### [TASK PROMPT]
Write out word for word the lines from the one holding "到今天为止,已经有三千多个e" through the end of the data, and only those lines. Pictures stay out.

[Recorded data]
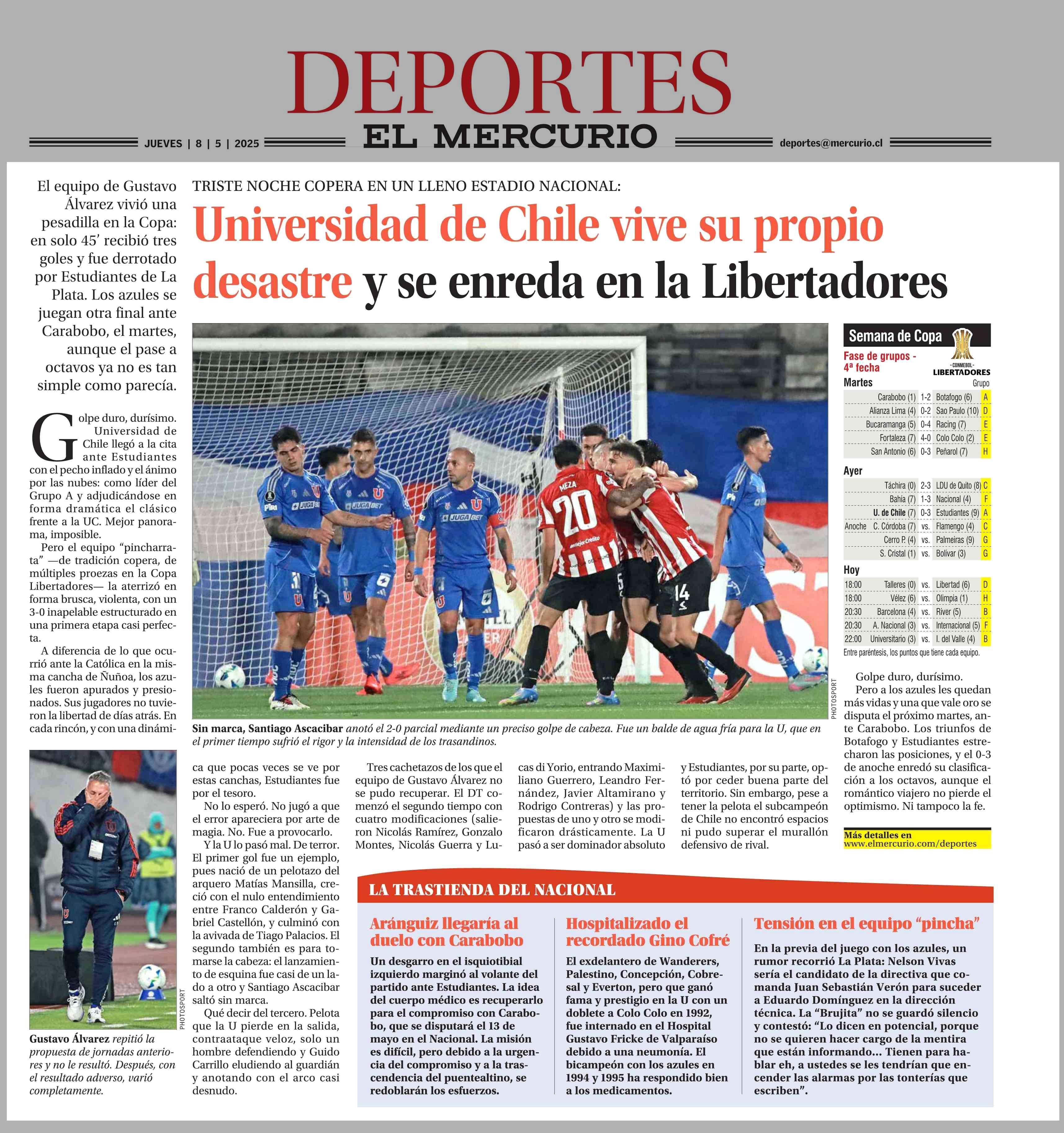 Universidad de Chile vive su propio desastre y se enreda en la Libertadores 08-05-2025 El Mercurio |
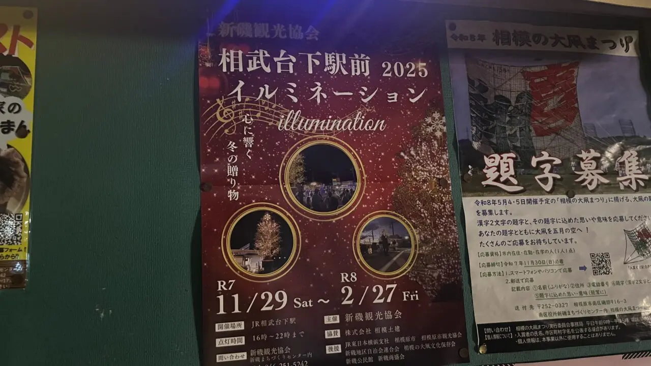 今年も相模線・相武台下駅前のイルミネーション点灯が始まりました。期間は2025年11月29日~2026年2月27日まで、毎日午後4時~10時の間、点灯します。
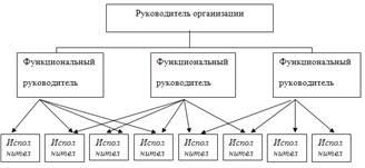 Функциональная организационная структура основана на создании подразделений для выполнения определённых функций на всех уровнях управления. К таким функциям относят: исследования, производство, сбыт, маркетинг и т.д. Здесь с помощью директивного руководства могут быть соединены иерархически нижние звенья управления с различными более высокими звеньями управления. Передача поручений, указаний и сообщений осуществляется в зависимости от вида поставленной задачи.
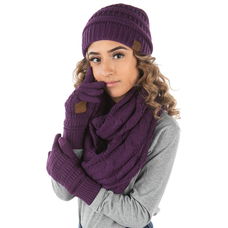 - GREAT LOOK: Stay warm and trendy with these cable knit beanie, fleece lined glove, and infinity scarf bundles, especially in the cold winter weather. Amp up any casual outfit, even add a touch of color to your favorite coat(s) with some of our more bright and colorful sets. Looks great with sweaters, cardigans, coats, jackets, tees, tanks, layers and more.
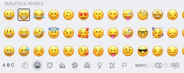 到今天为止,已经有三千多个emoji被设计出来,这个数字每年都在增长。我们在输入emoji的时候,会进入一个类似列表一样的界面,几十个emoji排成排,大眼一扫就能知道选择哪一个。键盘也会对这些表情进行分类,来方便查找。
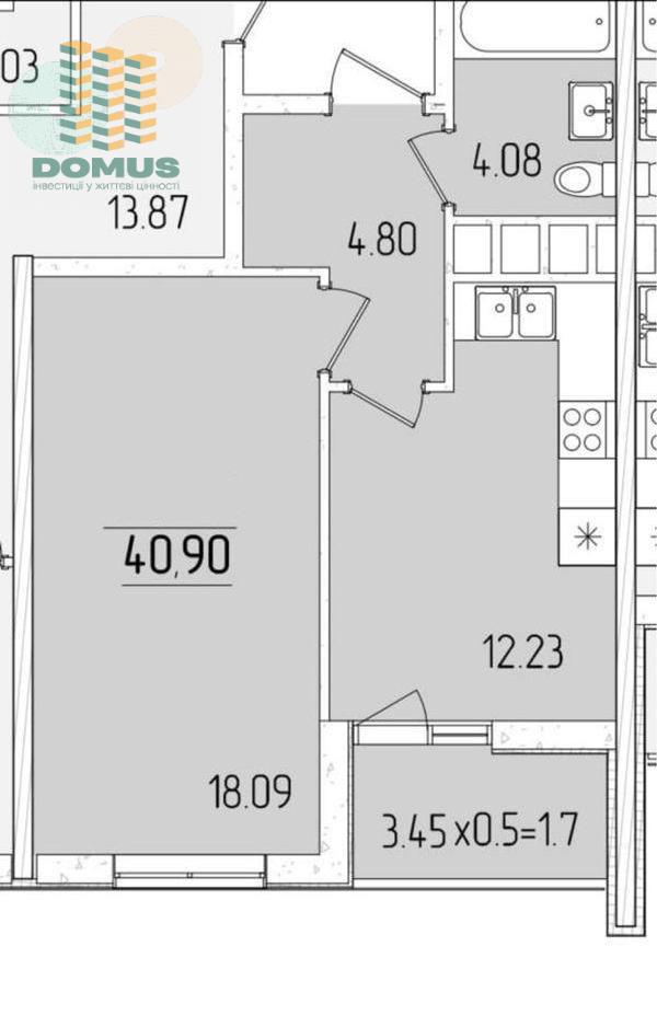 Общая площадь: 41 м2

### [FINISHED TASK]
 到今天为止,已经有三千多个emoji被设计出来,这个数字每年都在增长。我们在输入emoji的时候,会进入一个类似列表一样的界面,几十个emoji排成排,大眼一扫就能知道选择哪一个。键盘也会对这些表情进行分类,来方便查找。
 Общая площадь: 41 м2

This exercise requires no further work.